As per the Warning Message: WARNING: NMP: nmp_DeviceRequestFastDeviceProbe:237: NMP device “naa.5002cc8d9f1aabcd” state in doubt; requested fast path state update…

These messages appear as the Host Bus Adapter (HBA) driver aborts a command because the command took longer than the timeout period of 5 seconds to complete. An operation can take longer than the timeout period because of several reasons including:

Array backup operations (LUN backup, replication, etc)
General overload on the array
Read/Write Cache on the array (misconfiguration, lack of cache, etc)
Incorrect tiered storage used (SATA over SCSI)
Fabric issues (Bad ISL, outdated firmware, bad fabric cable/GBIC)

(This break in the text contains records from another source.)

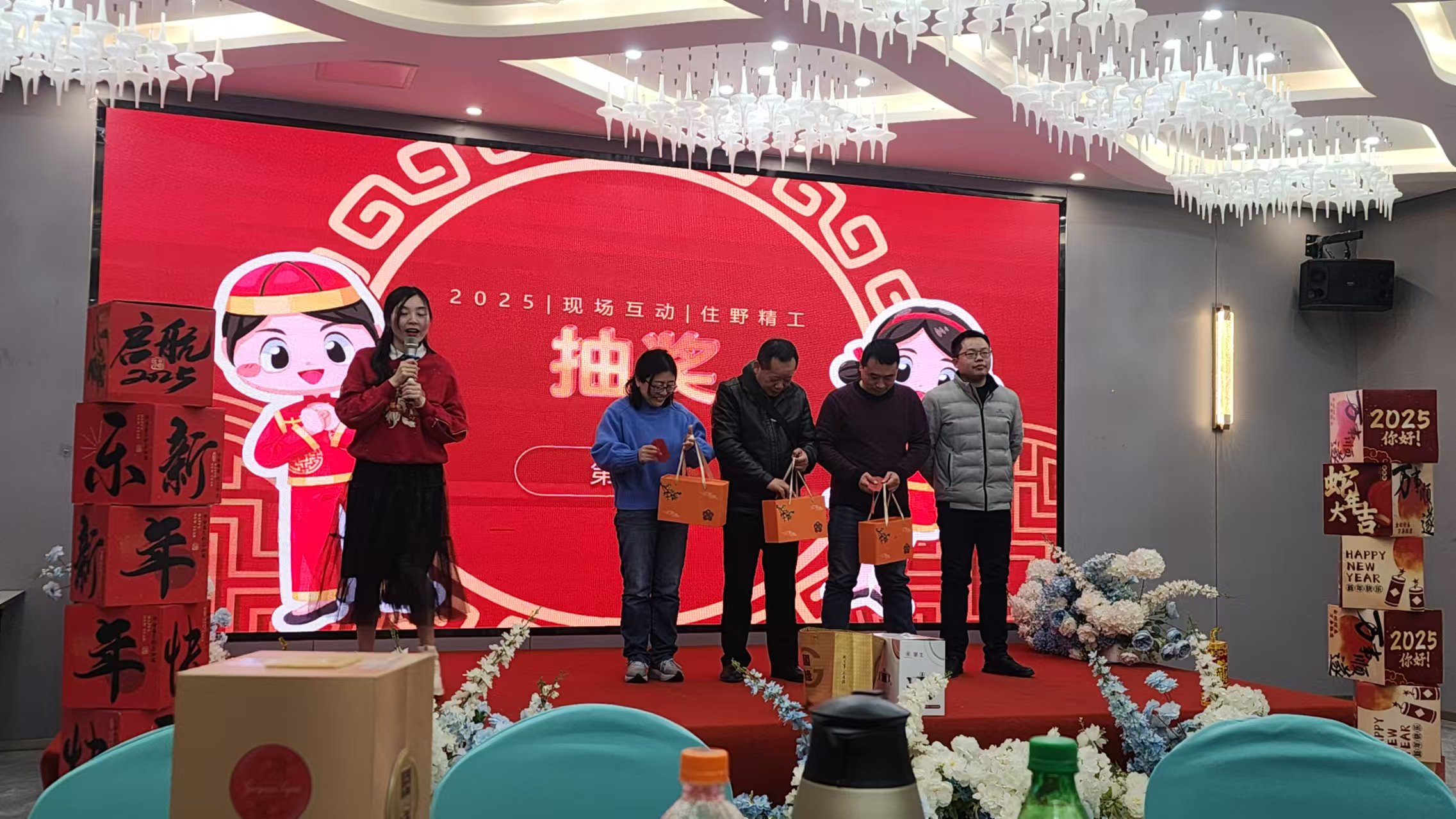 隨後的抽獎(jiǎng)環(huán)節將活動推向高潮。公司準備了實用的生(shēng)活用品和精美禮品作為獎品,還為每一位員工發放紅包,寓意新年紅火。現場歡呼聲、掌聲不斷,員工們笑容(róng)滿麵。
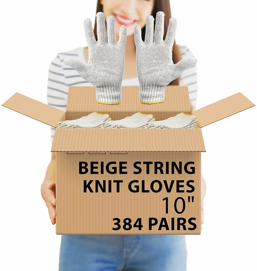 Size: Large Color: Beige gloves with yellow edge line Quantity: 24 count Looking to outfit your workers? Get your gloves for less when you buy in large quantities. Seamless beige co
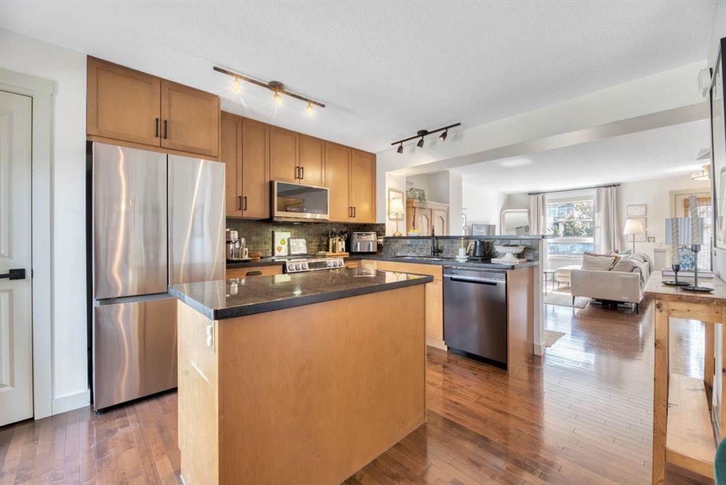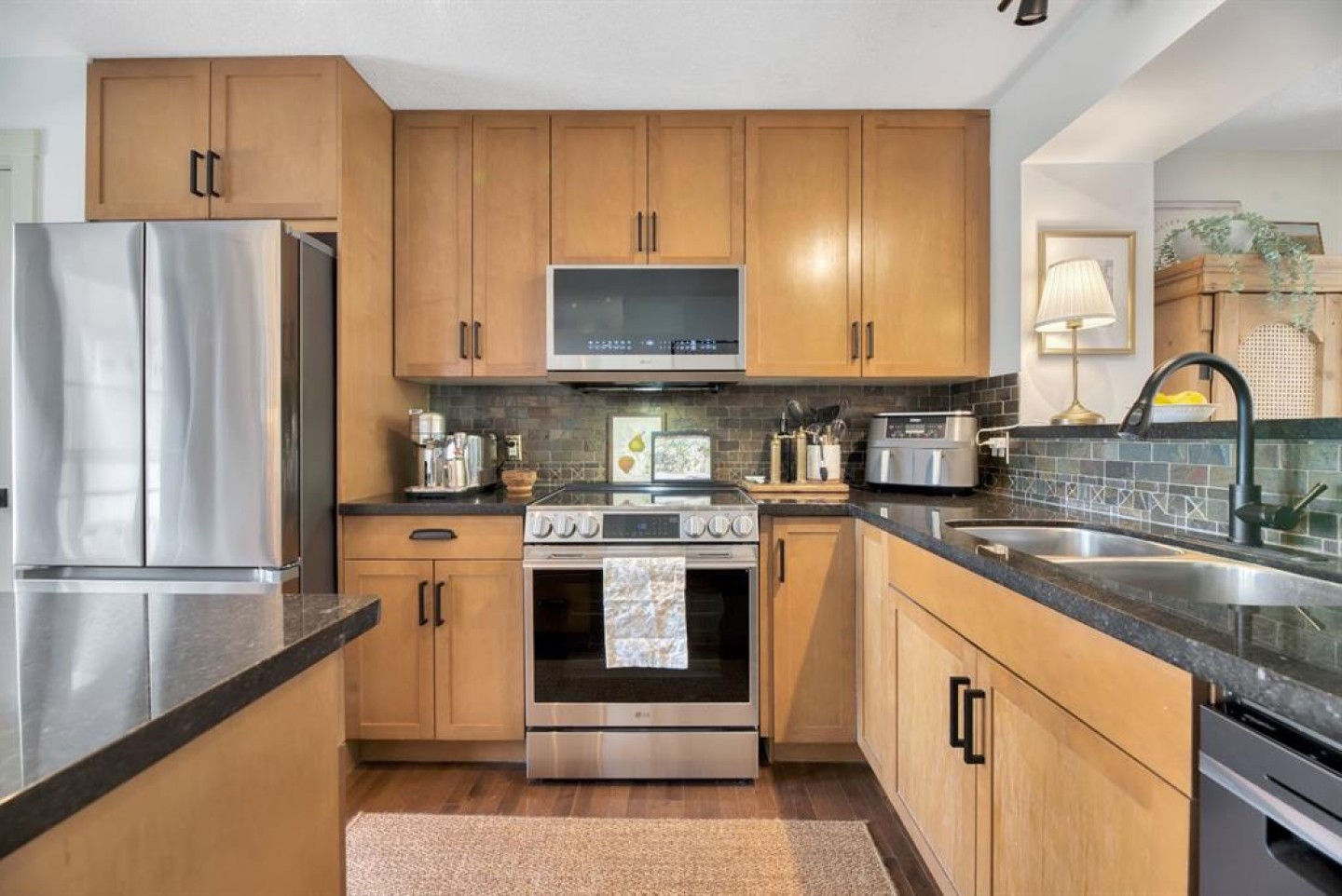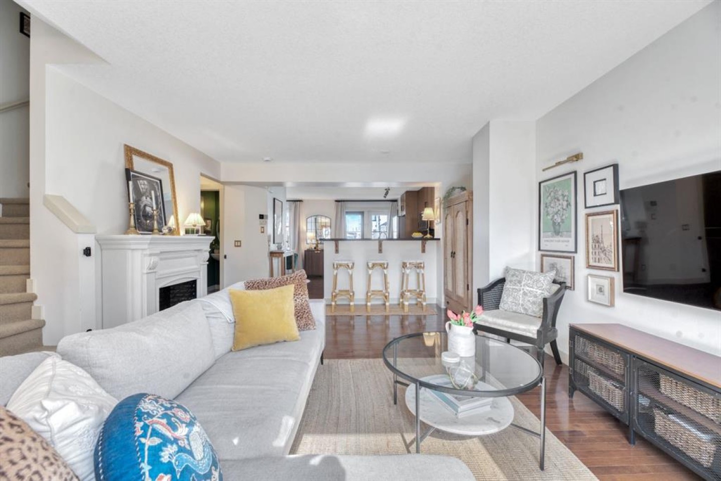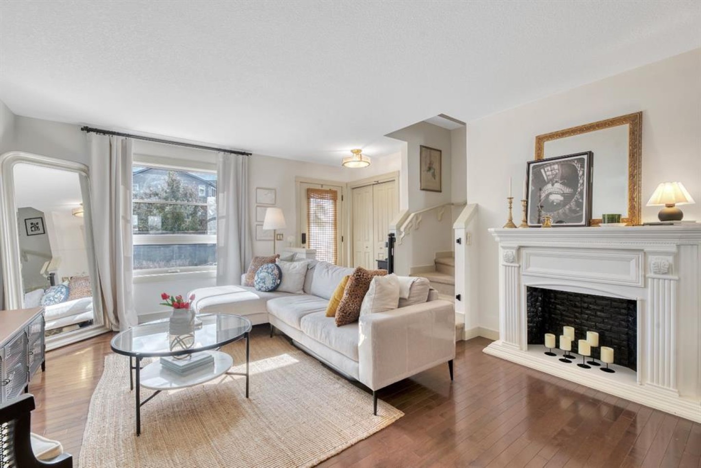 This townhome located in Mosaic of Aspen Woods, offers sophisticated, low-maintenance living in one of Calgary’s most sought-after west-side communities. Ideally located near 17th Avenue, Bow Trail, and Stoney Trail, this home provides quick access to downtown, the Rocky Mountains, and nearby transit, including the LRT. Excellent schools, parks, and walking pathways are all just steps away. This bright home offers over 1220 sq. ft. of living space and features a south-facing primary bedroom, living room, and patio, filling the spaces with natural light throughout the day. The main level showcases hardwood floors, granite countertops, and an inviting kitchen with a convenient eating counter and nook, complemented by upgraded hardware, lighting, and plumbing fixtures. The kitchen is equipped with Samsung and LG appliances, including a Samsung refrigerator, LG induction range with over-the-range microwave, and a Whirlpool dishwasher. Air conditioning adds year-round comfort. A balcony off the kitchen adds a functional outdoor space. Upstairs you’ll find three bedrooms, including a primary bedroom with a walk-in closet and 3-piece ensuite, plus a full secondary bathroom. A main floor powder room adds everyday convenience. The lower level offers ample storage and laundry space, while the double attached garage provides secure parking and additional storage. Located just minutes from Aspen Landing, West District and Westhills Towne Centre, you’ll enjoy easy access to boutique shopping, restaurants, and everyday amenities.
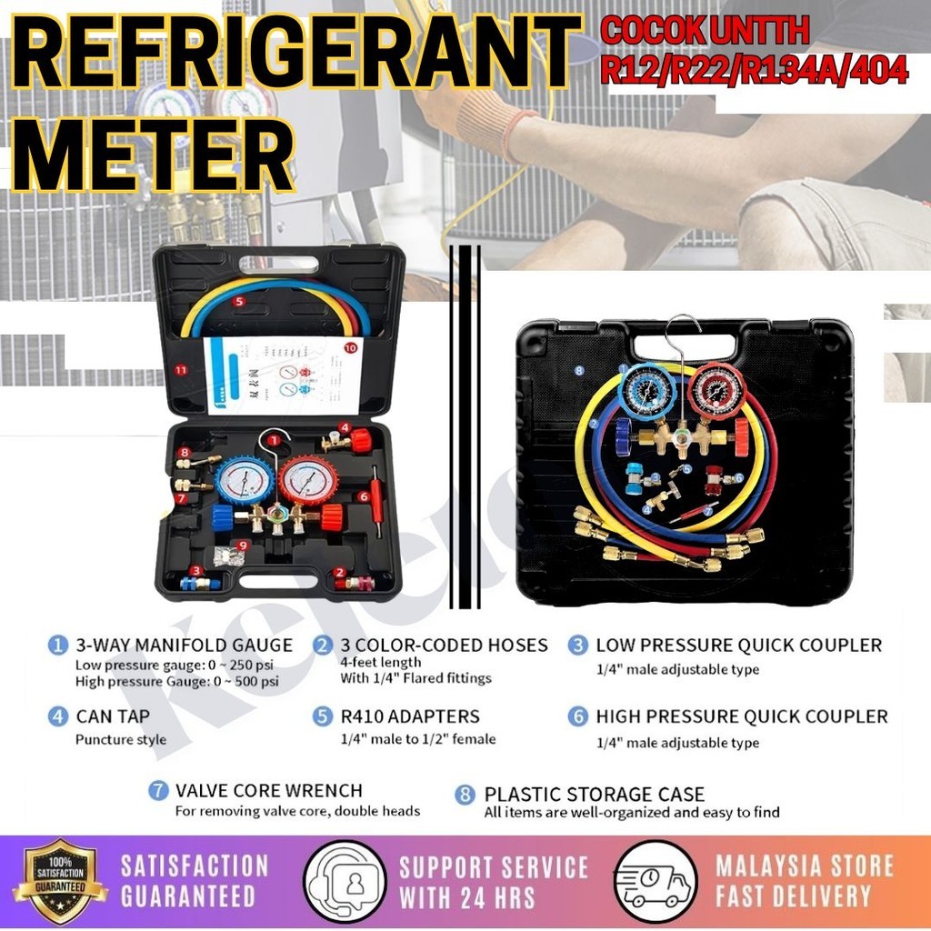 KELETOOL Meter Gas Aircond R134a Meter Set Car Aircon Manifold Gauge Freon Pressure Gauge AC Air Conditioner Repair Tool
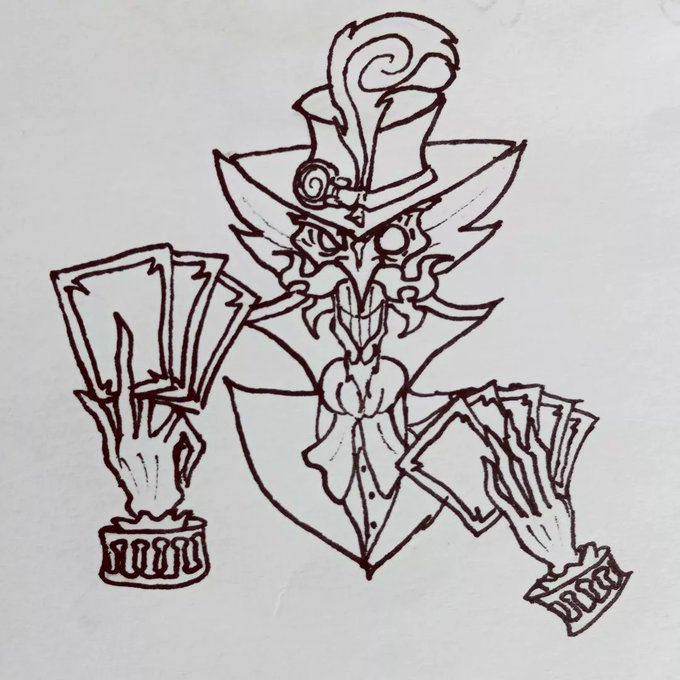 Inktober day 20: Bluff Machileto Enjuto, The Puppeteer Master #inktober2022 #bluff #cards #lafamiliademoniac

For more information please refer: https://kb.vmware.com/s/article/1022026

Action Plan

Driver Version which we are using is lpfc version 11.1.0.6-1vmw which as per the Article: Vmware HCL we can see that this driver version is VMware Inbox, native. I will recommend you to check with you hardware vendor and get to the latest version of HBA.